---------- Information supplied

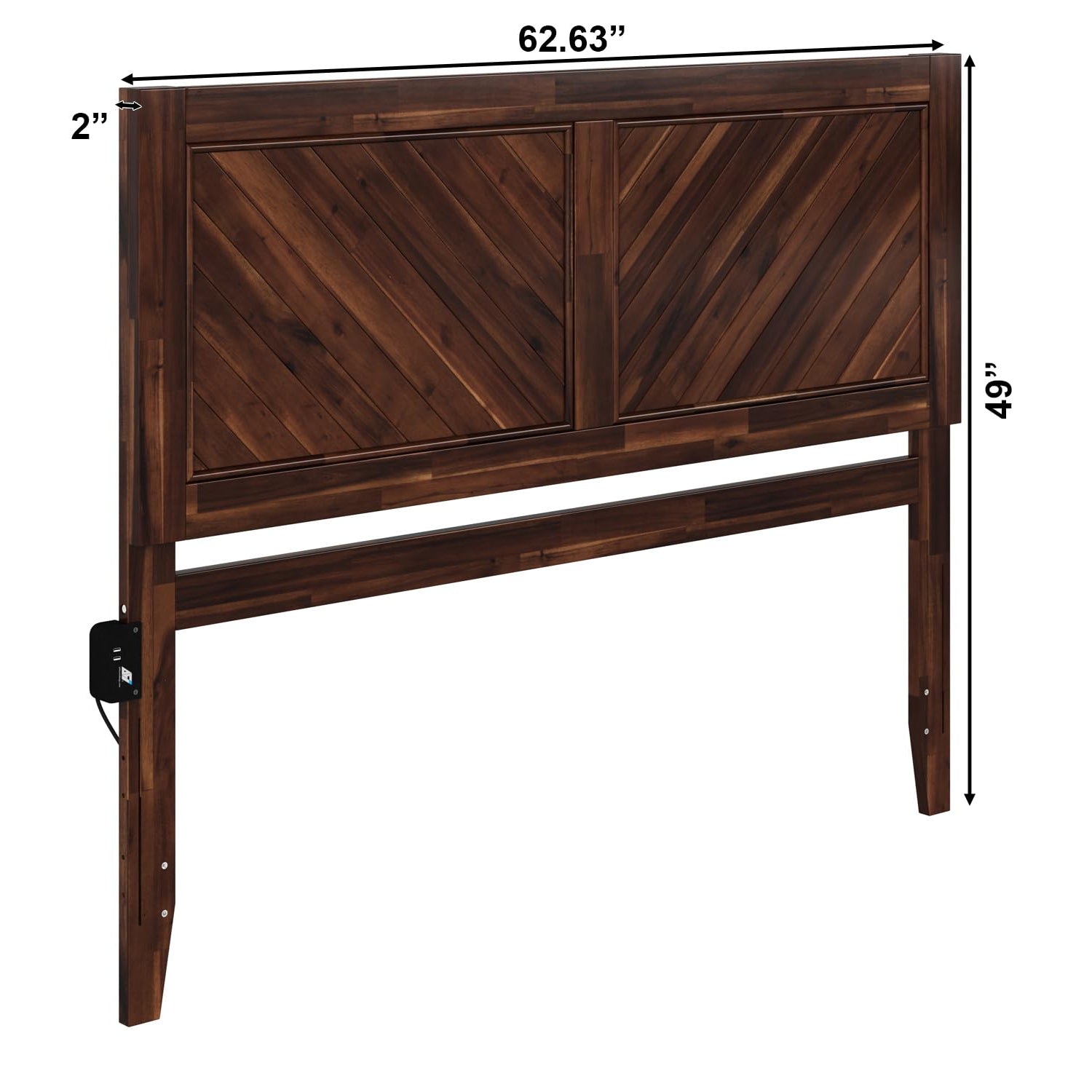 Details: Introducing The Canyon Wood Headboard: Where modern design meets natural elegance. Crafted meticulously with captivating chevron carvings, this wood headboard transforms your bedroom into a serene oasis. Available in pristine white, earthy walnut, or rustic Barnwood, it complements any decor and evokes a sense of calm sophistication. Whether you have a twin, twin xl, full, queen, or king-sized bed, the Canyon promises a perfect fit. Designed for modern living, it easily attaches to most standard metal bedframes that support a foundation or box spring and mattress. For the modern dweller, the Canyon comes equipped with an attachable USB charger, making those bedtime reads and morning routines more convenient than ever. Experience the union of form and function with the Canyon headboard – a statement piece for any contemporary home.
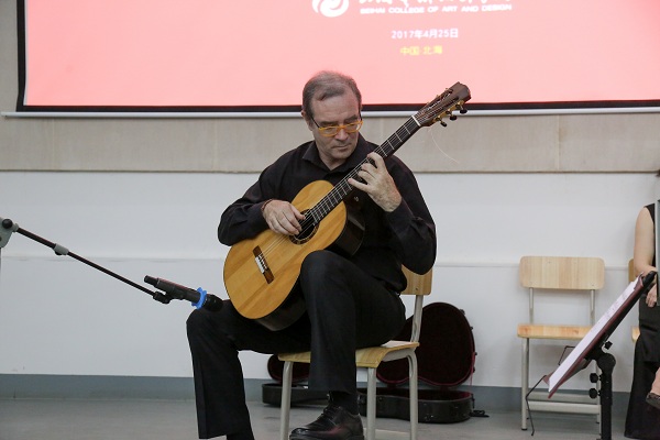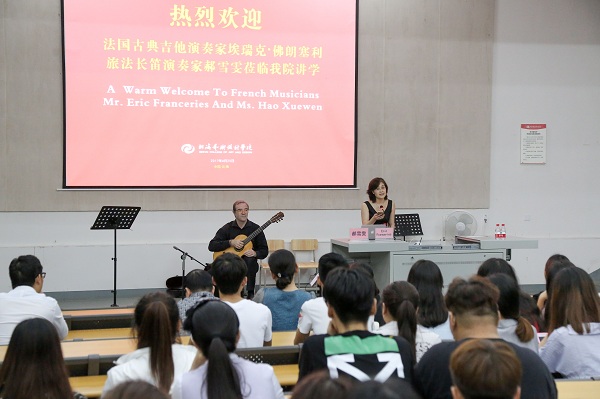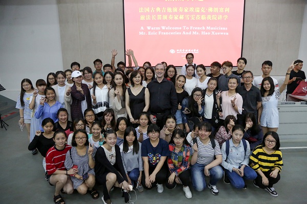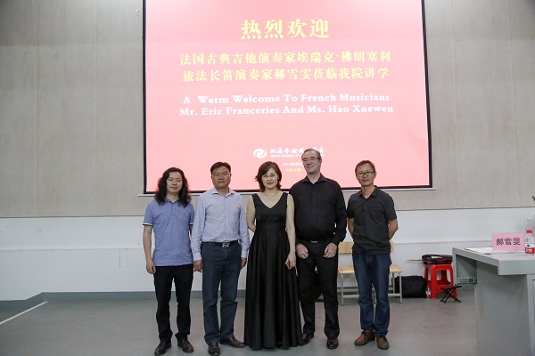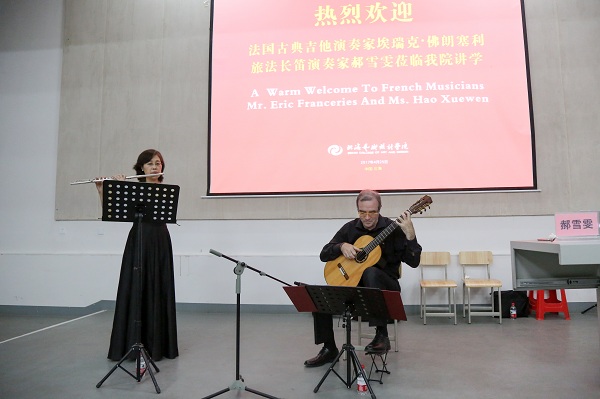 2017年4月25日晚7:30,法国古典吉他演奏家埃瑞克·佛朗塞利与旅法长笛演奏家郝雪雯莅临我院讲学,为全院师生带来了一场精彩的法国古典音乐暨讲座。
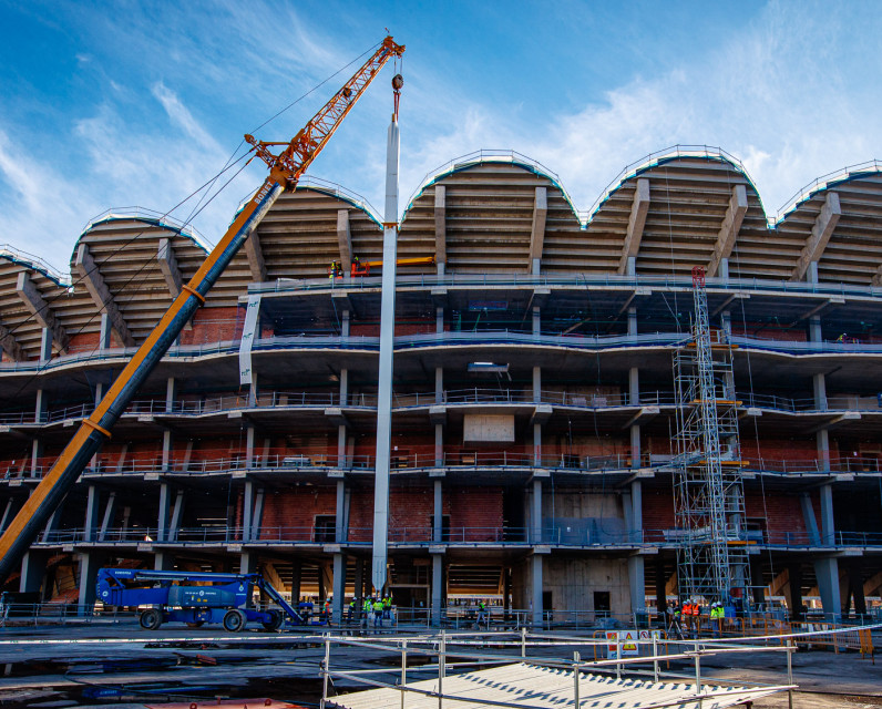 El Nou Mestalla inicia el muntatge dels pilars exteriors que sostindran la coberta
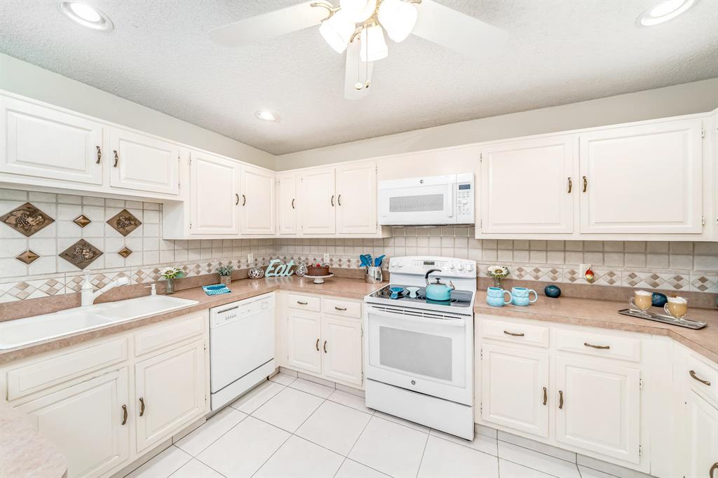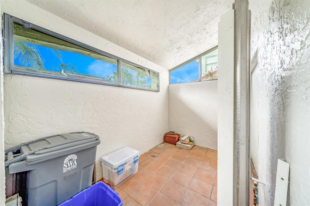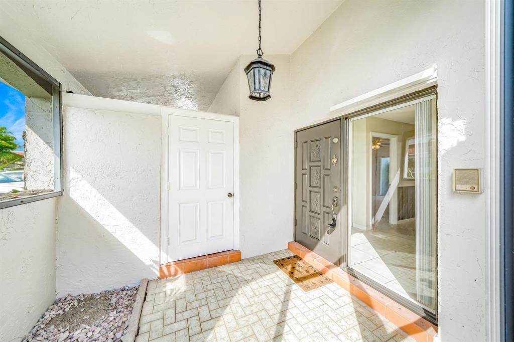 Clean & neutral townhome within walking distance to shopping, schools, parks, & houses of worship. Two Master Suites! One up/One down plus large loft for office/den w/huge closet that could easily be converted into 3rd bedroom. Open kitchen w/snack bar to eat in area and living room. Spacious with 2-story high ceiling living area...Private w/nice landscaping is the back courtyard with retractable Sunbrella awning. Balcony off master suite upstairs. Covered screened in porch/Entryway/large separate storage space plus big storage area under stairs. Inside laundry. Accordion and panel hurricane shutters. TWO parking spots + guest parking. Community Pool. LOW HOA fee. All ages welcome. Pet friendly. Walking distance to Del Prado A+ school and houses of Worship.
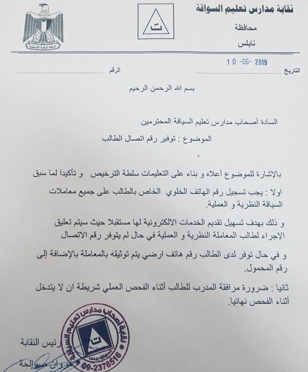 نقابة أصحاب مدارس تعليم السياقة في نابلس تدعو مدارس السياقة إلى توفير رقم اتصال للطالب المتقدم لمعاملات السياقة النظرية والعملية.
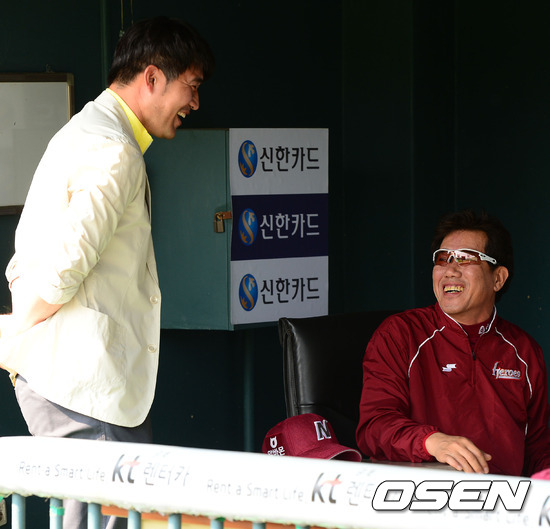 22일 오후 서울 잠실구장에서 열린 '2012 팔도 프로야구' LG 트윈스와 넥센 히어로즈의 경기, 경기전 이숭용 XTM 해설위원과 넥센 김시진 감독이 이야기를 나누고 있다.
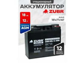 Аккумулятор для ибп 12v 18Ah ZUBR AGM T3/M5 акб котла, весов, электромобиля 181x77x167 мм 103338714922
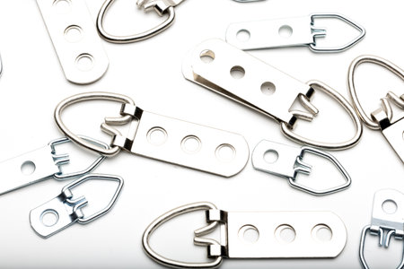 Metal fasteners and hooks scattered on a white surface. Various shapes and sizes are visible, showcasing their design and functionality for securing items.
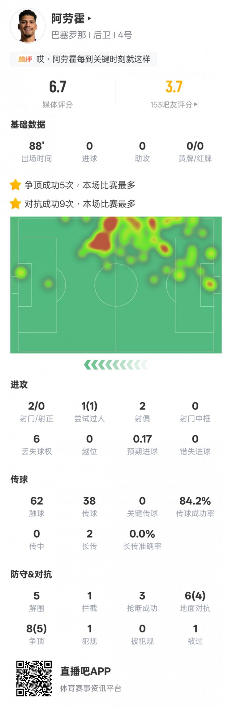 直播吧3月11日訊 歐冠1/8決賽首回合,巴薩客場1-1戰(zhàn)平紐卡斯?fàn)?。阿勞霍本場首發(fā)出戰(zhàn),5次爭頂全場最多,9次對抗成功全場最多,還有1次過人成功和5次解圍,但在巴恩斯的進球過程中回防緩慢,評分6.7。
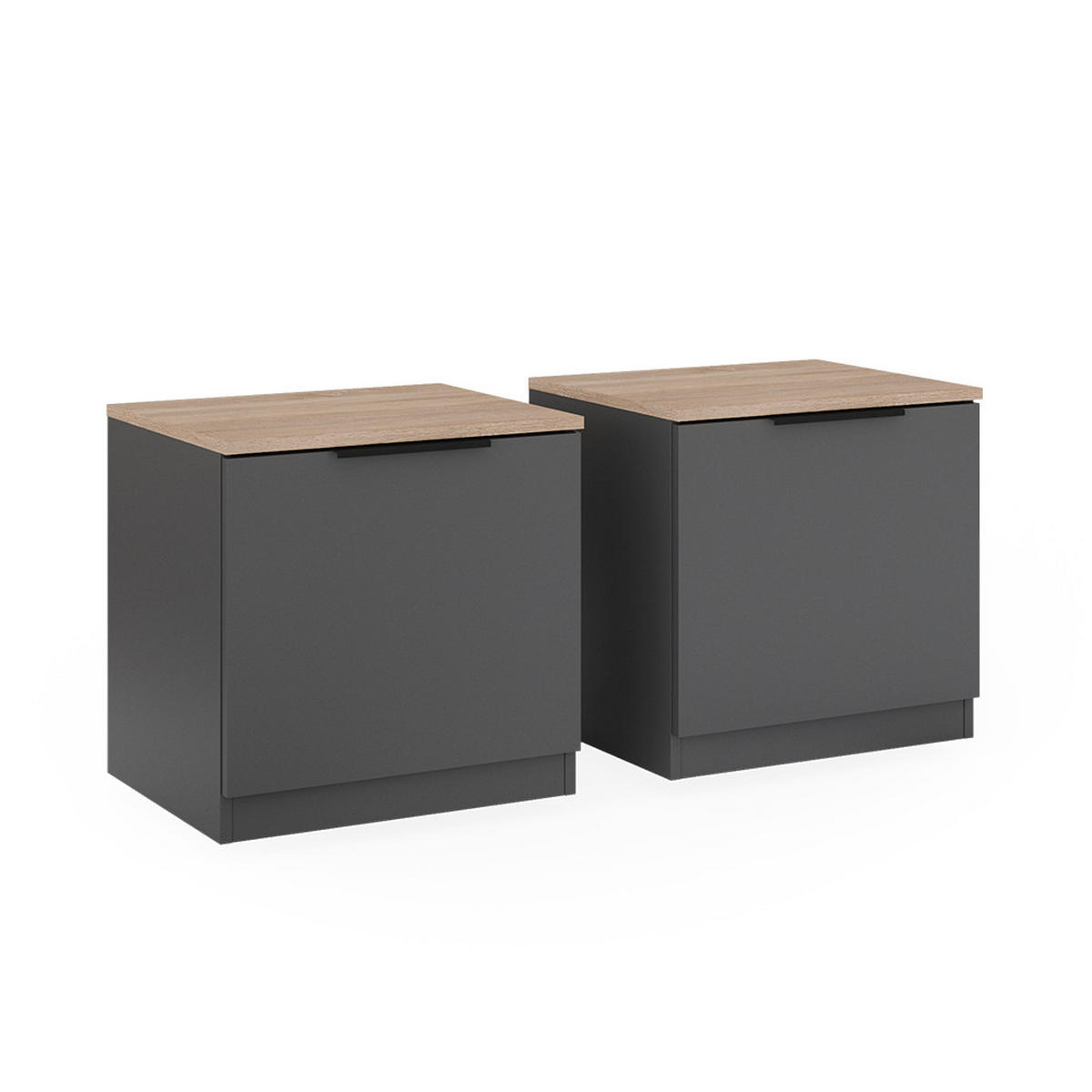 NOĆNI ORMARIĆ Betti Antracit/Sonoma Set od 2 komada - antracit/hrast Sonoma, drvni materijal (50/50/42cm) - Vicco
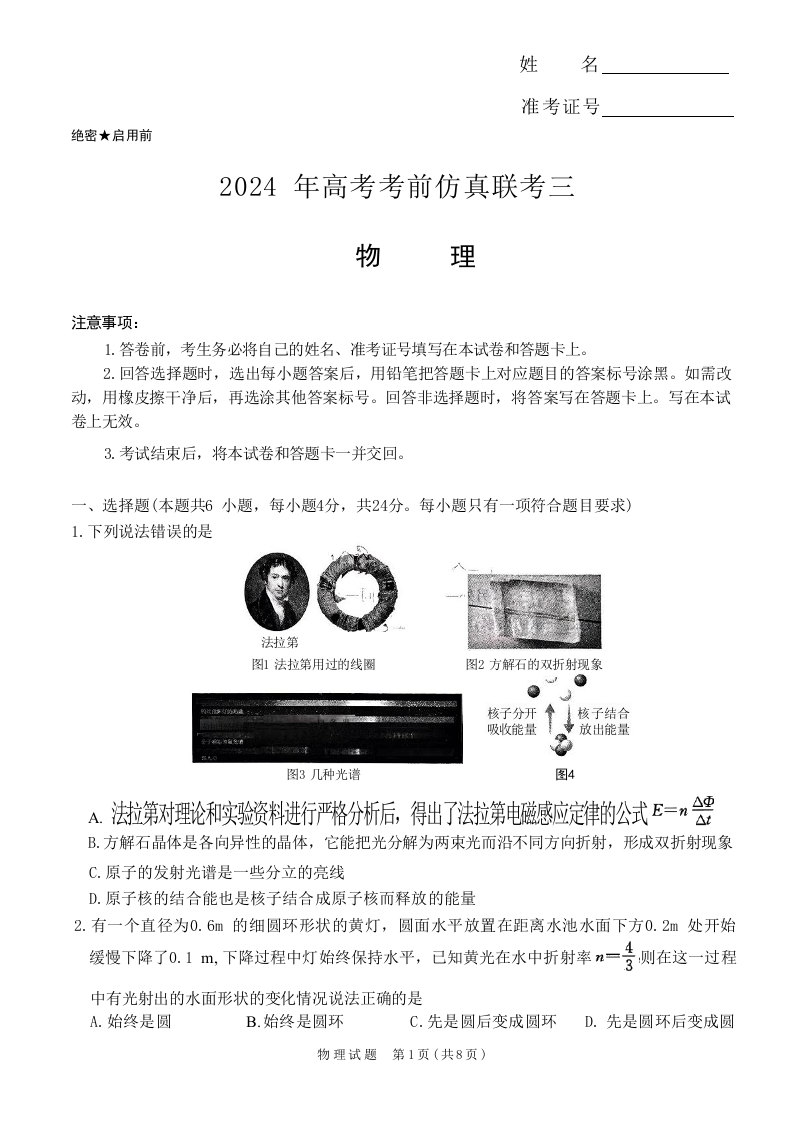 湖南省炎德2024届高三5月考前仿真联考(三)物理
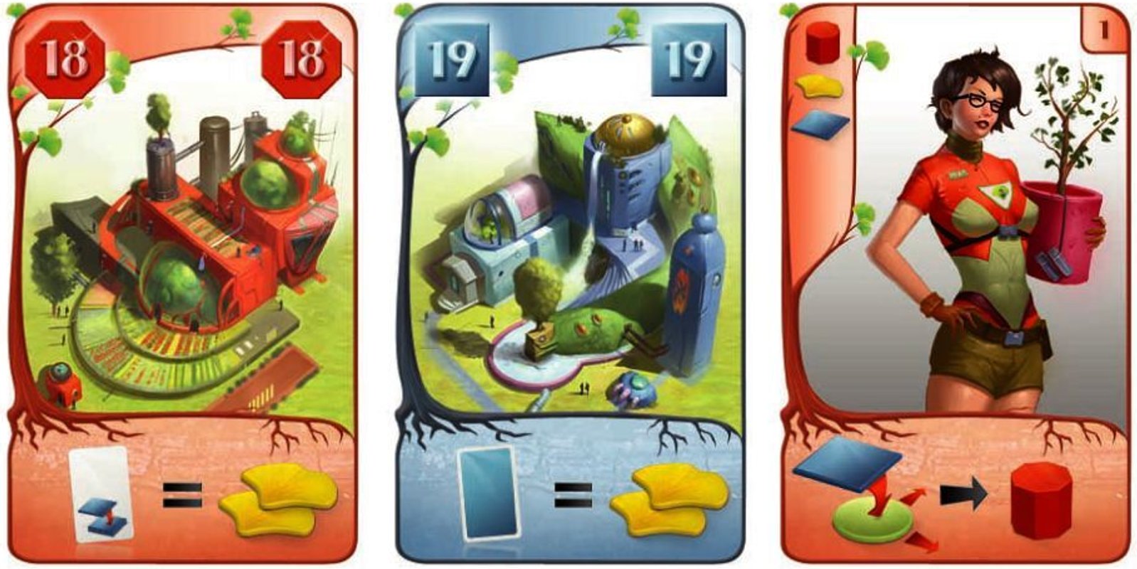 - En jouant une carte seule, vous exploitez. Si c’est une carte urbanisation, vous gagnez soit une ressource, soit une tuile bâtiment. Si vous jouez une carte bâtiment, vous exploitez le bâtiment du plateau qui correspond à votre carte. Si c’est une carte rouge, vous prenez une ressource, une bleu pour une tuile, et une jaune pour des points de réussite. Le nombre d’éléments gagnés dépend du nombre de bâtiment empilés, donc s’il y a 3 étages, vous gagnez 3 éléments.

--------------------

**Work to be completed:**
Restate the lines of the records exactly, starting at the first and stopping after the line with "2017年4月25日晚7:3". Leave out any picture.

**Completed exercise:**
 Details: Introducing The Canyon Wood Headboard: Where modern design meets natural elegance. Crafted meticulously with captivating chevron carvings, this wood headboard transforms your bedroom into a serene oasis. Available in pristine white, earthy walnut, or rustic Barnwood, it complements any decor and evokes a sense of calm sophistication. Whether you have a twin, twin xl, full, queen, or king-sized bed, the Canyon promises a perfect fit. Designed for modern living, it easily attaches to most standard metal bedframes that support a foundation or box spring and mattress. For the modern dweller, the Canyon comes equipped with an attachable USB charger, making those bedtime reads and morning routines more convenient than ever. Experience the union of form and function with the Canyon headboard – a statement piece for any contemporary home.
 2017年4月25日晚7:30,法国古典吉他演奏家埃瑞克·佛朗塞利与旅法长笛演奏家郝雪雯莅临我院讲学,为全院师生带来了一场精彩的法国古典音乐暨讲座。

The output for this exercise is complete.